(Part I) Passing by Altamira

Yesterday, like always, while I was making a line to take a bus on Altamira square, a corner took my attention.The square has remain as an opposition icon for a lot of reasons but mainly because it has been the scenery of many demonstrations, fights, killings during the last few years and this corner proof it: a trash can serves as a grave, and around it with shark and then paint; someone made the shape of a body, the body of a woman who was killed right there on 2004. She was at an opposition demonstration placed in that square when a few members of the Bolivarian circles (Chavez supporters, the Bolivarian Circles doesn’t exists anymore I think, they have other names or some people suspect they are part of the police or the military; but that’s just a suspect) passed by in their motorcycles and shoot at the people.
I was at home at that moment, watching TV. The news passed the exact minute when she was killed, and some people running and holding her body. It impressed me in the most dramatic way because the woman was just a little bit older than my mom and pretty much alike. And my mom was at that protest. I immediately jumped off my seat, took the phone and called her ordering her to come back home. She was at the back of the square, I can’t remember if she heard the shootings but she asked me to “calm down and don’t over react” – “But mom” – I screamed- “They just killed a woman who looks like you”.
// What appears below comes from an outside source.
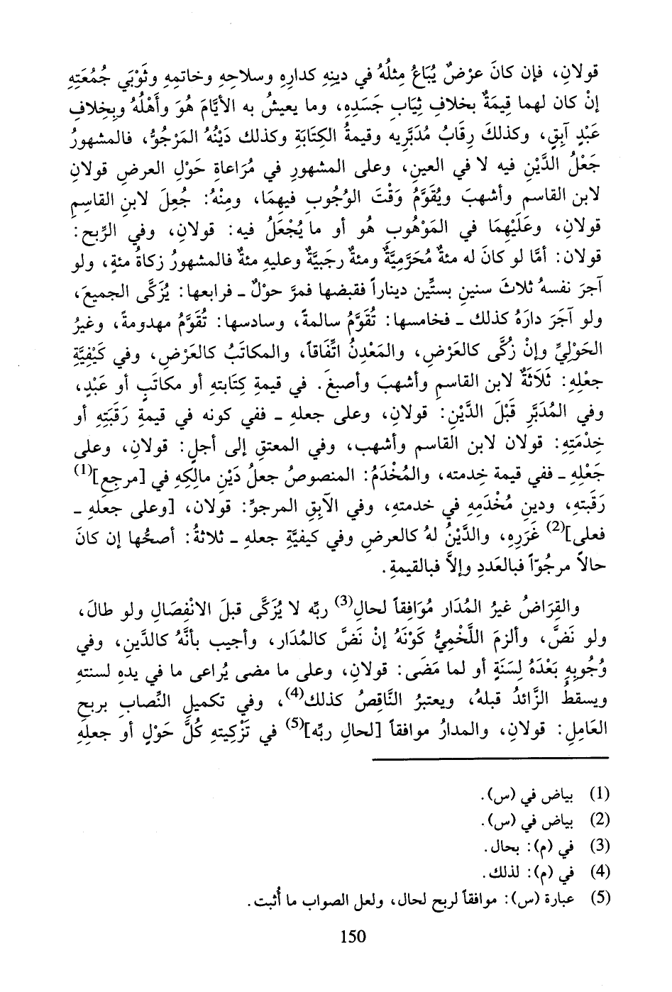 قَوْلانِ، فَإِنْ كَانَ عَرَضٌ يُبَاعُ مِثْلُهُ فِي دَيْنِهِ كَدَارِهِ وَسِلاحِهِ وَخَاتَمِهِ وَثَوْبَيْ جُمُعَتِهِ إِنْ كَانَ لَهُمَا قِيمَةٌ بِخِلافِ ثِيَابِ جَسَدِهِ، وَما يَعِيشُ بِهِ الأَيَّامَ هُوَ وَأَهْلُهُ وَبِخِلافِ عَبْدٍ آبِقٍ، وَكَذَلِكَ رِقَابُ مُدَبَّرِيهِ وَقِيمَةُ الْكِتَابَةِ وَكَذَلِكَ دَيْنُهُ الْمَرْجُوُّ، فَالْمَشْهُورُ جَعْلُ الدَّيْنِ فِيهِ لا فِي الْعَيْنِ، وَعَلَى الْمَشْهُورِ فِي مُرَاعَاةِ حَوْلِ الْعَرْضِ قَوْلانِ لابْنِ الْقَاسِمِ وَأَشْهَبَ وَيُقَوَُّمُ وَقْتُ الوُجُوبِ فِيهِمَا، وَمِنْهُ: جُعِلَ لابْنِ الْقَاسِمِ قَوْلانِ، وَعَلَيْهِمَا فِي الْمَوْهُوبِ هُوَ أَوْ مَا يُجْعَلُ فِيهِ: قَوْلانِ، وَفِي الرِّبْحِ: قَوْلانِ: أَمَّا لَوْ كَانَ لَهُ مِئَةٌ مُحَرَّمِيَّةٌ وَمِئَةٌ رَجَبِيَّةٌ وَعَلَيْهِ مِئَةٌ فَالْمَشْهُورُ زَكَاةُ مِئَةٍ، وَلَوْ آجَرَ نَفْسَهُ ثَلاثَ سِنِينَ بِسِتِّينَ دِينَاراً فَقَبَضَهَا فَمَرَّ حَوْلٌ - فَرَابِعُهَا: يُزَكَّى الْجَمِيعَ، وَلَوْ آجَرَ دَارَهُ كَذَلِكَ - فَخَامِسُهَا: تُقَوَّمُ سَالِمَةً، وَسَادِسُهَا: تُقَوَّمُ مَهْدُومَةً، وَغَيْرُ الْحَوْلِيِّ وَإِنْ زُكَّى كَالْعَرْضِ، وَالْمَعْدِنِ اتِّفَاقاً، وَالْمُكَاتَبُ كَالْعَرْضِ، وَفِي كَيْفِيَّةِ جَعْلِهِ: ثَلاثَةٌ لابْنِ الْقَاسِمِ وَأَشْهَبَ وَأَصْبَغَ.

I have heard that the husband has the responsibility of keeping the shape at that square intact. And since I have to go to that place a lot, I have seen that small piece of pain and history many, many times. But until yesterday as far as I can tell, I have never seen before someone walking upon the shape. It was like a sacred place, like a grave indeed, no one dares to put a foot on it, I think. I was wrong. While the bus waiting kept longer and longer I saw at least 5 people just walking by, stepping on that memory like it was nothing. A man with very deep eyes developed the tendency of looking with a very rough face, every time that someone just walked on the shape. And then he looked at me and turned his head down like saying “Yes, you have the same look, the same sad look of someone who can’t forget while the others just passed by and move on with their lives”.
PD: About the picture, This is the corner I'm talking about, I took the picture two years ago (2005) during the aniversary of those events, that explains the flowers. The shape remains the same.